Разделитель для чтения книг в онлайн библиотеке

Онлайн книга «Ада, или Радости страсти»

Cтраница 25
17

Самый толстый из найденных в библиотеке словарей сообщал в статье «Губа»: «Любая из двух складок плоти, окружающих отверстие».

«Милейший Эмиль», как Ада называла Monsieur Littre, сообщал следующее: «Partie extérieure et charnue qui forme le contour de la bouche… Les deux bords d’une plaie simple» (мы без затей беседуем нашими ранами, и раны порождают потомство). «…C’est le membre qui lèche». Милейший Эмиль!

Маленькую, но пухлую русскую энциклопедию «губа» заинтересовала лишь в качестве территориального округа в древней Ляске да еще полярной заводи.

Их губы обладали абсурдным сходством складки, тона и текстуры. У Вана верхняя напоминала формой летящую прямо на вас морскую ширококрылую птицу, тогда как нижняя, полная и хмурая, придавала его обычному выражению оттенок жестокости.

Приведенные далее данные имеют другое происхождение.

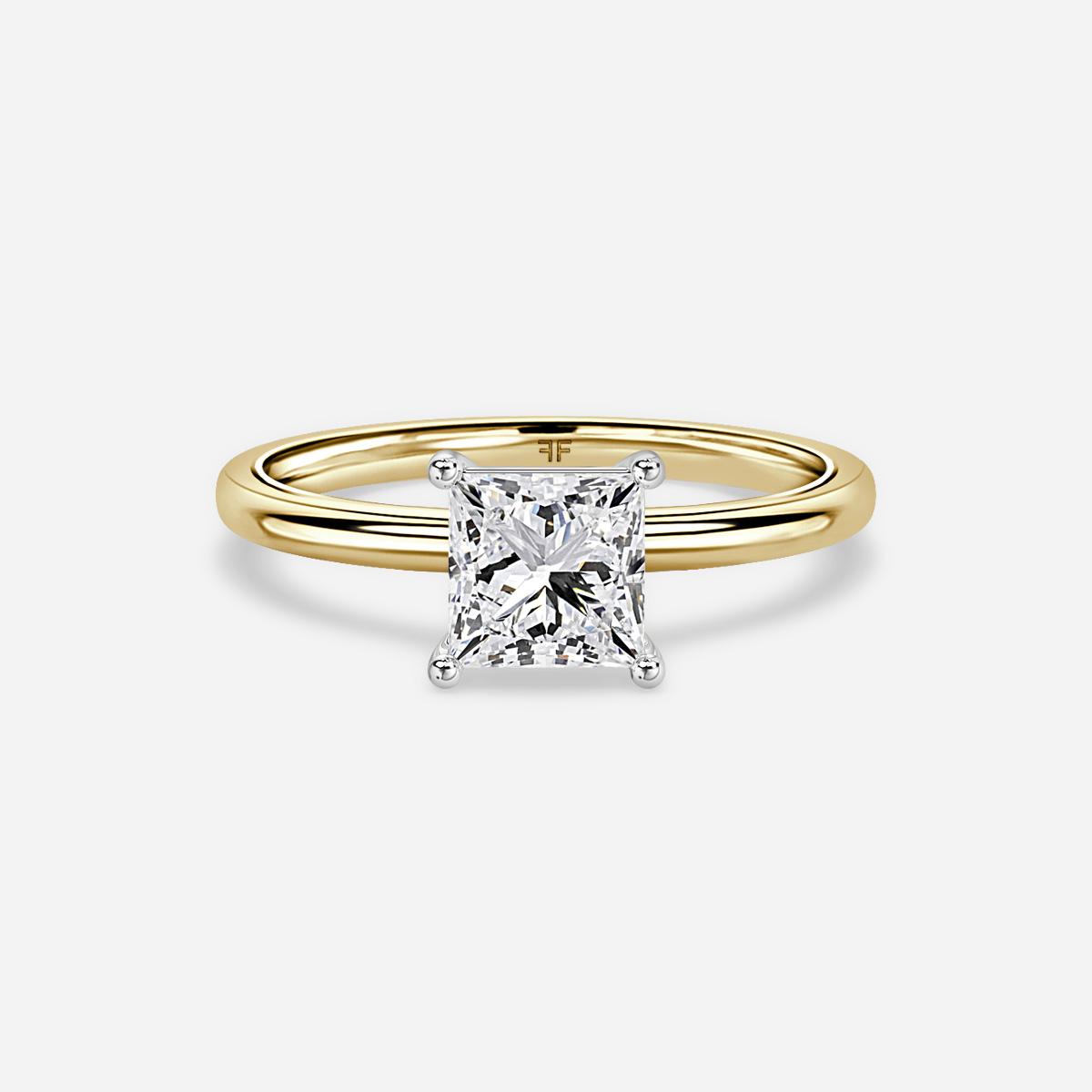This yellow gold two-tone solitaire engagement ring exudes timeless elegance and sophistication. The contrasting band adds a modern twist to the classic design, making it the perfect symbol of commitment and love. Handcrafted in Hatton Gardens, London. Centre Diamond Not Included Setting only

Ни малейших признаков этой жестокости не замечалось в губах Ады, но вырезанная в форме лука верхняя и великоватая, пренебрежительно выпяченная, матово-розовая нижняя повторяли рот Вана в женском ключе.

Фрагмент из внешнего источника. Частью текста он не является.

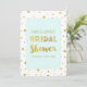 Invitaciones a la ducha de personalizado con efecto dorado con motivos de confeti y azul turquesa color pastel claro con textos modernos con letras a mano. Personalizable con tu texto.

В поцелуйную пору (две нездоровых недели беспорядочных долгих объятий) как бы некая странно стыдливая ширма отъединила наших детей от бесновавшихся тел друг дружки. Впрочем, прикосновения и отклики на прикосновения все равно пробивались сквозь нее, будто далекая дрожь отчаянных призывов. Неустанно, неотступно и нежно Ван терся своими губами о ее – вправо, влево, вниз, вверх, жизнь, смерть, – отчего этот жаркий цветок раскрывался, являя контраст между невесомой нежностью наружной идиллии и грубым обилием потаенной плоти.

Были и другие поцелуи.

– Мне хочется попробовать твой рот изнутри, – сказал Ван. – Господи, как хотел бы я стать Гулливером величиною с гнома и исследовать эту пещеру.

– Могу предложить язык, – ответила она и предложила.

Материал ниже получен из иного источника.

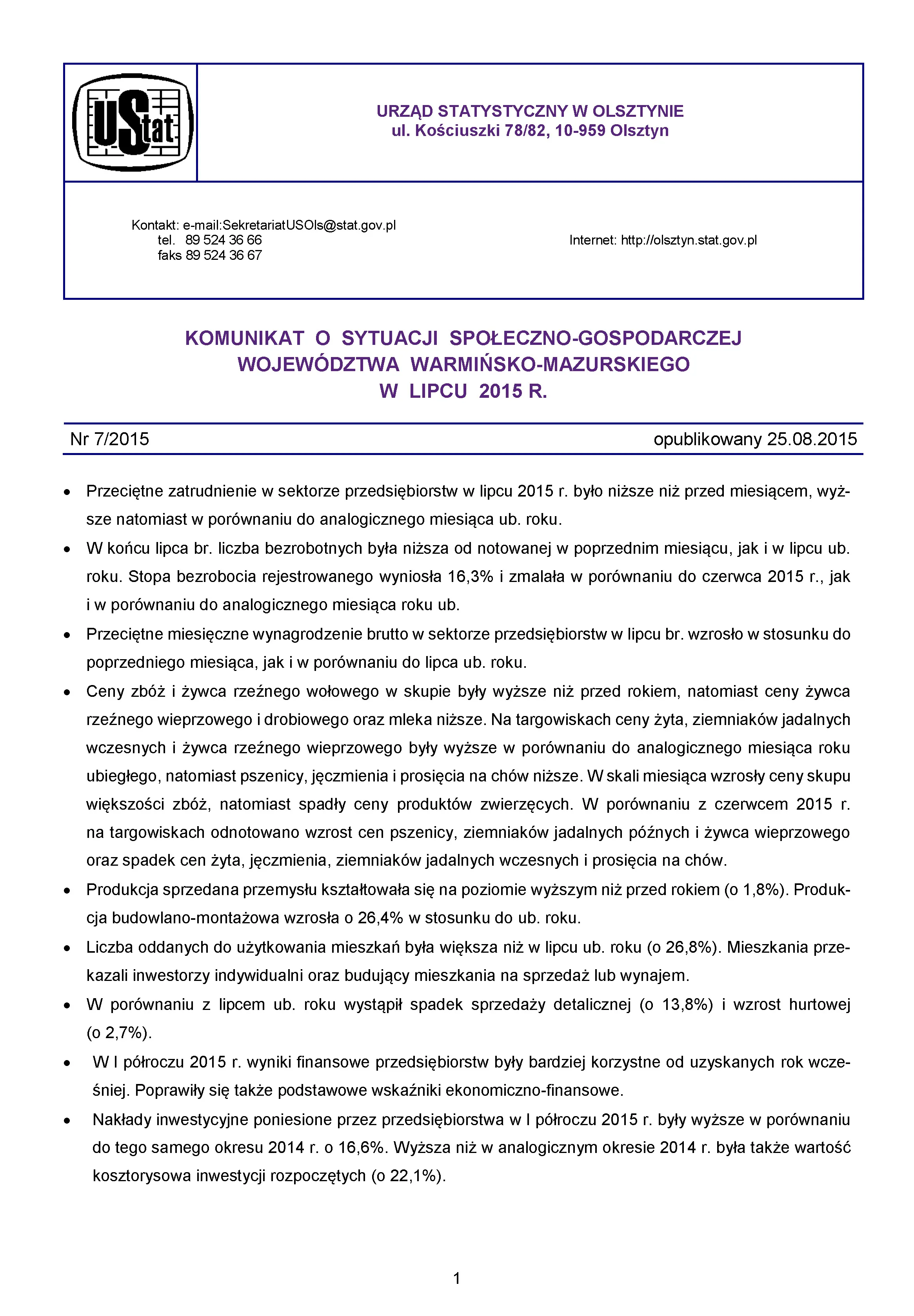 - Komunikat o sytuacji społeczno-gospodarczej województwa warmińsko-mazurskiego w sierpniu 2015 r.

Большая, вареная, еще пышущая жаром земляничина. Ван всасывал ее так далеко, как та соглашалась втянуться. Он прижимал Аду к себе, впивая ее нёбо. Их подбородки были совершенно мокры.

– Дай платок, – сказала она, бесцеремонно вскальзывая рукой в карман его брюк, но тут же выдернула ее, предоставив Вану достать платок самому. Без комментариев.

(– Я очень ценю твой такт, – говорил он ей, когда они впоследствии с благоговением и весельем вспоминали те радости и те затруднения, – но мы с тобой потеряли кучу времени – груду невозвратимых опалов.)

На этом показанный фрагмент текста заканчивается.